• Source data:
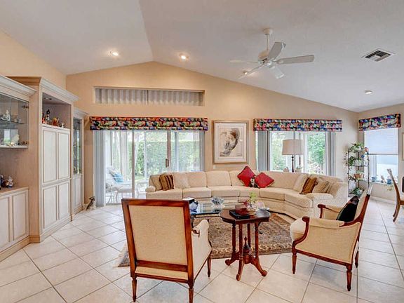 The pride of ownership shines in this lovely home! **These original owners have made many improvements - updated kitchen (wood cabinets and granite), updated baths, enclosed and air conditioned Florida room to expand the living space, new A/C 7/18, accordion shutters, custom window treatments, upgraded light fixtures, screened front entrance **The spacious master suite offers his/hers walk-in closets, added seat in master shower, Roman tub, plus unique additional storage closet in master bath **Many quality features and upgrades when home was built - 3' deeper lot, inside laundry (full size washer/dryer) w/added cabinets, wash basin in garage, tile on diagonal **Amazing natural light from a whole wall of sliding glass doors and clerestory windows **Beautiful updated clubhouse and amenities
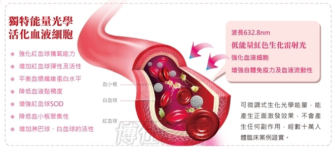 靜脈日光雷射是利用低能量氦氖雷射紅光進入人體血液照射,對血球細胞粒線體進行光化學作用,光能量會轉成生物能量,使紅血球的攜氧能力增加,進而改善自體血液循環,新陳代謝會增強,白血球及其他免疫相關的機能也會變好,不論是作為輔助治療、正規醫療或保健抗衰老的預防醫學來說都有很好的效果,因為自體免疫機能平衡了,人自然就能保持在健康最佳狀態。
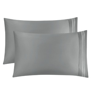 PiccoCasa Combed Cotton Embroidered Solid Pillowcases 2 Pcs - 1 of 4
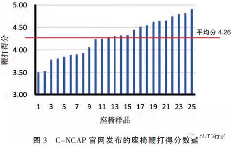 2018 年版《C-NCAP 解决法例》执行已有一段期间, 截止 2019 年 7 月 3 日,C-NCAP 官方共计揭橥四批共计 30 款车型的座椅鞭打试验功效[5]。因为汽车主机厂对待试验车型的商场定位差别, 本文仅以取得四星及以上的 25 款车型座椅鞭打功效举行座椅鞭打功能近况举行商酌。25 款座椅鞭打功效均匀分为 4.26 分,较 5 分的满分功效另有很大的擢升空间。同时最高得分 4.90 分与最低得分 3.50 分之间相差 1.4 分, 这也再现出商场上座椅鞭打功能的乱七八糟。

• Exercise directions:
Could you restate the material word for word, skipping any pictures it holds?

• Output below:
 The pride of ownership shines in this lovely home! **These original owners have made many improvements - updated kitchen (wood cabinets and granite), updated baths, enclosed and air conditioned Florida room to expand the living space, new A/C 7/18, accordion shutters, custom window treatments, upgraded light fixtures, screened front entrance **The spacious master suite offers his/hers walk-in closets, added seat in master shower, Roman tub, plus unique additional storage closet in master bath **Many quality features and upgrades when home was built - 3' deeper lot, inside laundry (full size washer/dryer) w/added cabinets, wash basin in garage, tile on diagonal **Amazing natural light from a whole wall of sliding glass doors and clerestory windows **Beautiful updated clubhouse and amenities
 靜脈日光雷射是利用低能量氦氖雷射紅光進入人體血液照射,對血球細胞粒線體進行光化學作用,光能量會轉成生物能量,使紅血球的攜氧能力增加,進而改善自體血液循環,新陳代謝會增強,白血球及其他免疫相關的機能也會變好,不論是作為輔助治療、正規醫療或保健抗衰老的預防醫學來說都有很好的效果,因為自體免疫機能平衡了,人自然就能保持在健康最佳狀態。
 PiccoCasa Combed Cotton Embroidered Solid Pillowcases 2 Pcs - 1 of 4
 2018 年版《C-NCAP 解决法例》执行已有一段期间, 截止 2019 年 7 月 3 日,C-NCAP 官方共计揭橥四批共计 30 款车型的座椅鞭打试验功效[5]。因为汽车主机厂对待试验车型的商场定位差别, 本文仅以取得四星及以上的 25 款车型座椅鞭打功效举行座椅鞭打功能近况举行商酌。25 款座椅鞭打功效均匀分为 4.26 分,较 5 分的满分功效另有很大的擢升空间。同时最高得分 4.90 分与最低得分 3.50 分之间相差 1.4 分, 这也再现出商场上座椅鞭打功能的乱七八糟。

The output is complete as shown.